Overcoming an addiction is difficult even for the strongest of people. Cognitive behavioural therapy, motivational interviewing, and family therapy are often the first strategies people and health care professionals use to treat addiction. However, these treatments may not be enough to help people fully recover from an addiction. Instead, many people need a combination of drug therapy and additional support strategies. Here are eight effective support strategies that can help people overcome an addiction.
Using Motivational Incentives And Rewards
Motivational incentives involve rewarding people for good behaviours, such as passing drug screening tests. By replacing the biological reward of consuming a substance or engaging in a compulsive behaviour with a reward for performing desirable behaviours, it is possible to curb an addiction and reach sobriety milestones. Some people are able to use this strategy on their own. However, it is typically more effective when someone else delivers the incentives and tracks progress. The rewards can take many different forms, including benefits, privileges, money. Studies show that monetary incentives are highly effective for treating drug and alcohol addictions. Generally, the larger the incentives are, the more effective the strategy is.
Creating A Network Of Support
Addiction is difficult to overcome alone. Individual and group counselling can be effective treatment strategies for addiction because they provide support from knowledgeable, understanding therapists or other addicts at varying stages of recovery. Many addicts find it helpful to attend support groups because it shows them that there are other people who have struggled with similar problems and are overcoming them. Family therapy can also be useful for creating a strong support structure within the addict's family. Some people even choose to join a therapeutic community living home, where people struggling with similar challenges tackle their addictions together.
Listening To Doctors And Therapists
It is important to listen to the advice of doctors, therapists, and counsellors. Not only do they want to help, but they are professionally trained to do so. Their advice is a combination of education in addiction studies and experience in helping others overcome addictions. If these professionals prescribe medication, for example, it is important to take it properly. Even if the first drug prescribed does not work, a doctor can prescribe a new one and continuously tailor a patient's treatment to his or her needs. In addition, it is important to attend all health care appointments so that doctors and therapists can monitor progress and adjust treatments as necessary.
Changing Everything Else
Although it may sound strange, another effective strategy for combatting addiction is to change everything other than the addiction. Because an addiction is a neurological compulsion, it can be very difficult to change. Other aspects of an individual's lifestyle are often easier to modify. As a result, it is possible to overcome an addiction by adopting a new routine and following it strictly.
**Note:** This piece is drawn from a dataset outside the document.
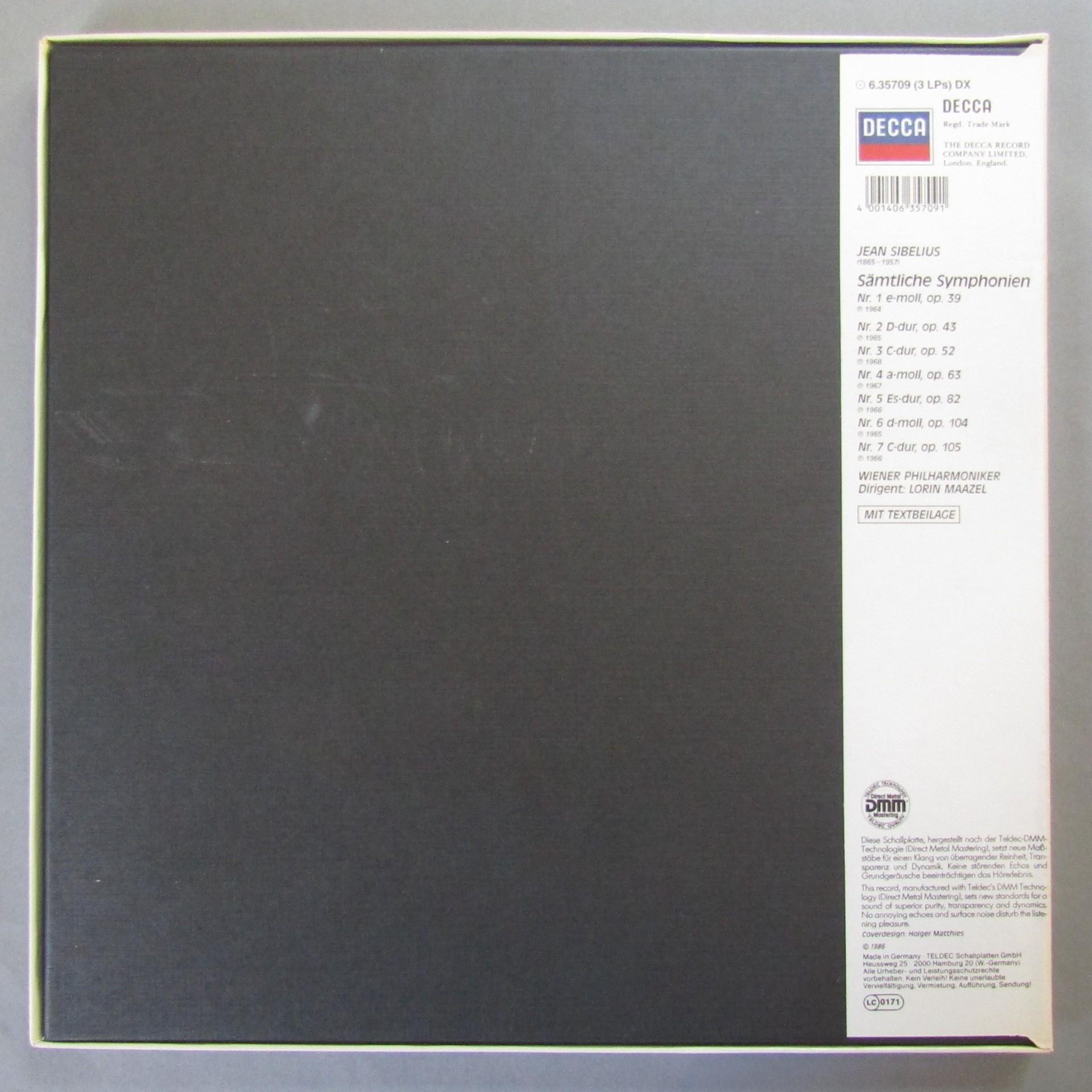 B472 Sibelius Complete Symphonies Maazel VPO 3LP DECCA 6.35709 DX Digital Stereo

This may include attending all medical appointments, starting a regimented diet, and exercising daily. A negative habit is often easier to break when it is embedded in a generally positive lifestyle. There are many self-help programs that can help addicts change their lifestyle and habits to overcome their addiction.
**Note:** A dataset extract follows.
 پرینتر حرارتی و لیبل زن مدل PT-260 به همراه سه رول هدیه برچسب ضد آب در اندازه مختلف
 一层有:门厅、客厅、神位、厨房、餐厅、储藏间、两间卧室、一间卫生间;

Learning About The Addiction
An important step in treating an addiction is learning about it. It is far more difficult to overcome something that is unknown than to fight something that is well understood. By recognizing an addiction for what it is, an addict can learn about the addiction's weaknesses and learn how to manipulate the brain’s reward system against unwanted compulsions. In addition, by learning about addiction treatments, an addict can understand what steps to take, when to take them, and how to do it in a way that will minimize the risk of a relapse.
Coping With Stress
A major driver of addiction relapse is stress. After all, addictions are often a result of stress management gone awry. Thus, reducing stress is essential when attempting to overcome an addiction. Being aware of personal triggers that are most likely to increase stress helps to limit the consequences of it and reduce the risk of a relapse. For this reason, stress management strategies are often a key component of many therapies. Life can be unpredictable, and stressful events are inevitable. As a result, learning to cope with stress in healthy ways is critical for overcoming an addiction.
Seeking Inpatient And Outpatient Rehabilitation
Inpatient rehabilitation is available when stress and challenging life events become too much. Inpatient rehab usually consists of intensive, professional treatment at a facility. It typically involves a full course of anti-addiction medication and support from a team of therapists and clinicians who want to see the addict succeed. Although some addicts need to allow their clinical team to control all aspects of their treatment, others must have some independence. For these people, outpatient rehabilitation is ideal because it provides access to an intensive treatment without forcing people to give up their freedom by living in an inpatient facility. Some clinicians recommend an outpatient program at the end of an inpatient program to ensure adicts succeed on the road to recovery.
Getting Additional Treatment When Necessary
One of the most important strategies for treating addiction is knowing when more support is needed. This requires addicts to recognize the limitations of their current treatment plan and to ask for additional help when necessary. If therapy is not doing enough, a program is no longer working, or a relapse feels imminent, it is time to get additional treatment. Conquering an addiction can take multiple attempts, and there is nothing wrong with returning to earlier steps of a treatment plan to reinforce positive habits. In addition, there are always additional strategies addicts can try if their current ones are not working.